B. Federal Requirements (80% rule)
Business increases their factor of production.
Measuring Growth
Simon Kuznets –In 1932 developed the framework for the statistic known as
Gross National Product (GNP) referred to now as Gross Domestic
Product (GDP)
Components of GDP
1. Gross investment
2. Government purchases
3. Consumption expenses
4. Net result of international transaction (Net Exports)
 Reflect fully what our nation’s businesses have produced
GDP not sole figure for calculating annual production.
Net National Product (NNP) A national accounting aggregate equal to the
GDP less depreciation. The NNP thus reflects not only new goods and
services produced but also the extent to which existing capital has worn out.
Depreciation: A money value that represents the extent to which a capital
good has become less efficient because of age.

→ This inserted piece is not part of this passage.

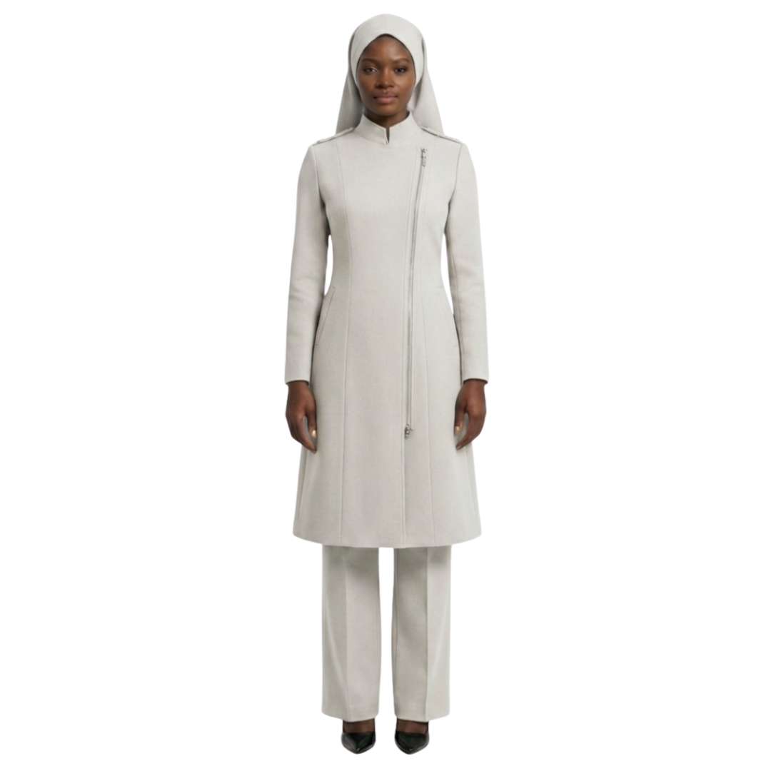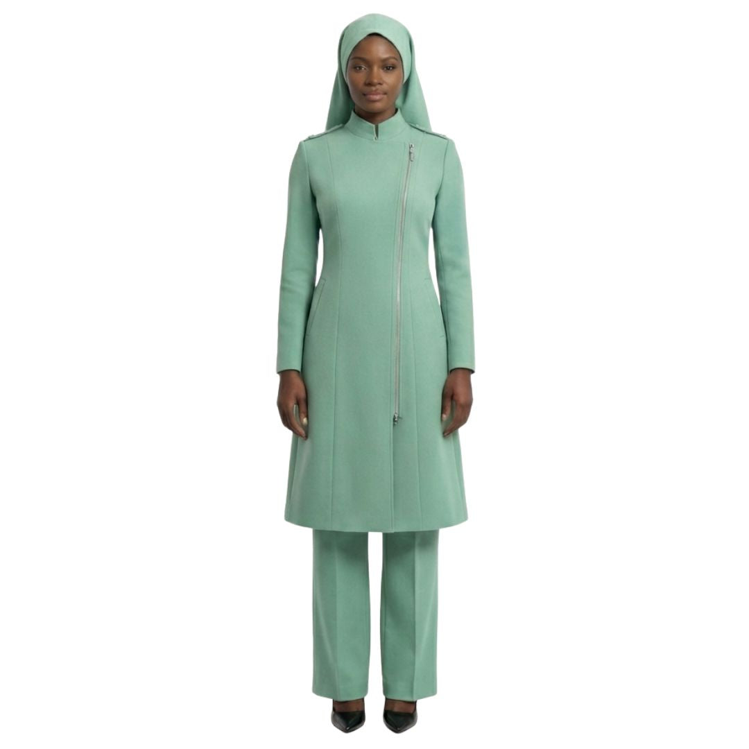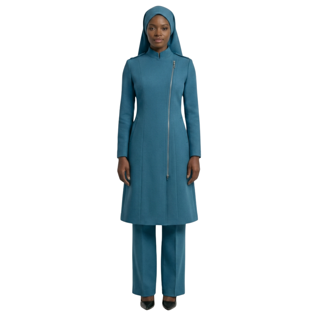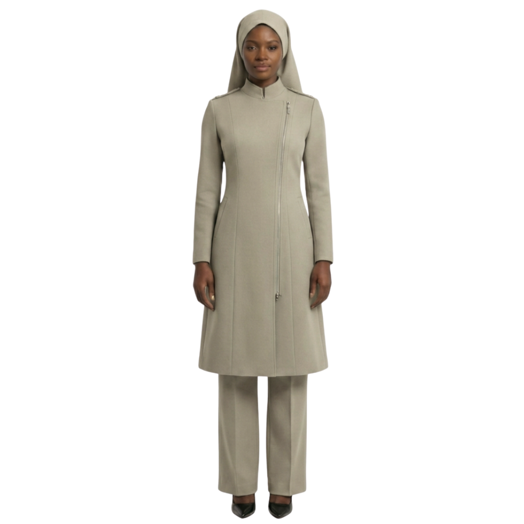 One of the standout features of the Aneesah design is its full-length zipper in the front. This functional detail makes the garment easy to put on and take off, offering unparalleled convenience for women who are always on the go. Whether you need a quick outfit adjustment or are layering it over other garments, the zipper ensures ease without compromising style. This thoughtful detail aligns perfectly with the principles of modest clothing, providing full coverage while remaining practical.

E.g. Freezer at the supermarket can no longer keep the cool temperature it
once did---depreciation tells us how much this freezer has depreciated in
price.
Capital consumption allowance: Depreciation (difference between GDP
and NNP)
National Income (NI): A national accounting aggregate equal to the amount
of money individuals and businesses receive for productive factors provided.
It comprises wages, salaries, rent, interest, profits from corporations, profits
from unincorporated businesses. The difference between the national
income and the net national product is indirect business taxes.